Nduja is so good and yours looks great Inda! 

I used to get it on the regular from a friend that worked at a meat plant in my hometown (Citterio) but he has since moved out of the area. What’s funny is, the place is local to me but they sell it elsewhere because there’s really no demand for it here. It’s a shame because a lot of people would love it if they knew what it was or able to try it.


----------



## indaswamp (Apr 13, 2022)

xray said:


> Nduja is so good and yours looks great Inda!
> 
> I used to get it on the regular from a friend that worked at a meat plant in my hometown (Citterio) but he has since moved out of the area. What’s funny is, the place is local to me but they sell it elsewhere because there’s really no demand for it here. It’s a shame because a lot of people would love it if they knew what it was or able to try it.
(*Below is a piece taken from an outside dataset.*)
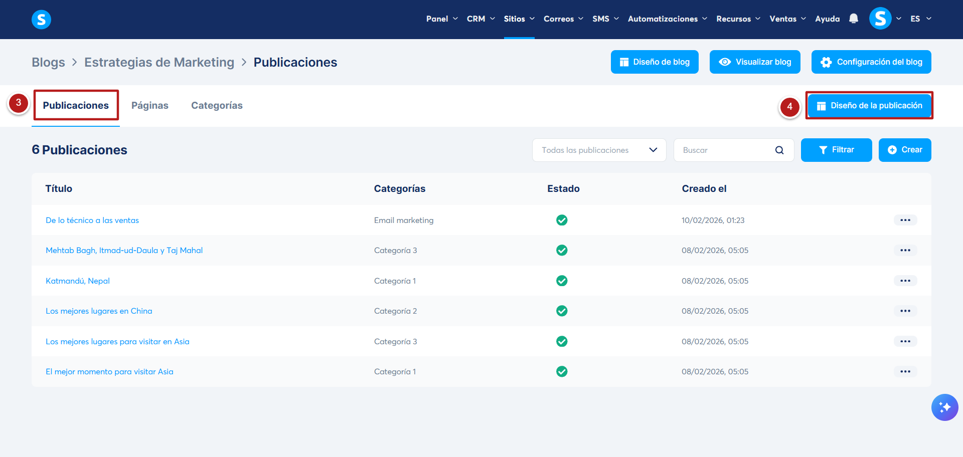 Desde el menú del blog, ve a la sección Publicaciones (3), luego haz clic en Diseño de publicación (4).

Thanks xray! The sampler I had baked in the toaster oven was good. It'll be better once it ages properly though.


----------



## indaswamp (Apr 20, 2022)

Cold smoked the Nduja last night...





Temps. were in the 50's so perfect weather for it. This is the first round of cold smoke mainly to keep mold growth at bay. Smoked for 6-7 hours with oak and hickory dust in my AMZN tube smoker. Then back in the maturing chamber to continue drying...


----------



## Steve H (Apr 20, 2022)

That looks really good! One of these years I'm going to try this.


----------



## indaswamp (Apr 20, 2022)

Thanks Steve H! This salami is a fairly easy one to make, just have to make damn sure the fat is super cold when you grind it. Optimally below 32*F.


----------



## indaswamp (Jul 11, 2022)

Nduja is done!


----------



## indaswamp (Jul 11, 2022)

Aged 3 months...Wow that fat has mellowed and taken on a buttery nutty flavor! Best batch I've made to date! Heat is perfect!


----------



## indaswamp (Jul 29, 2022)

SmokinAl said:


> Dang gone bro!
> Your gonna have to get a bigger drying chamber!!
> Al


My New 42.5cu.ft. drying chamber is finished and fully operational!
https://www.smokingmeatforums.com/t...nless-double-door.314028/page-13#post-2348086


----------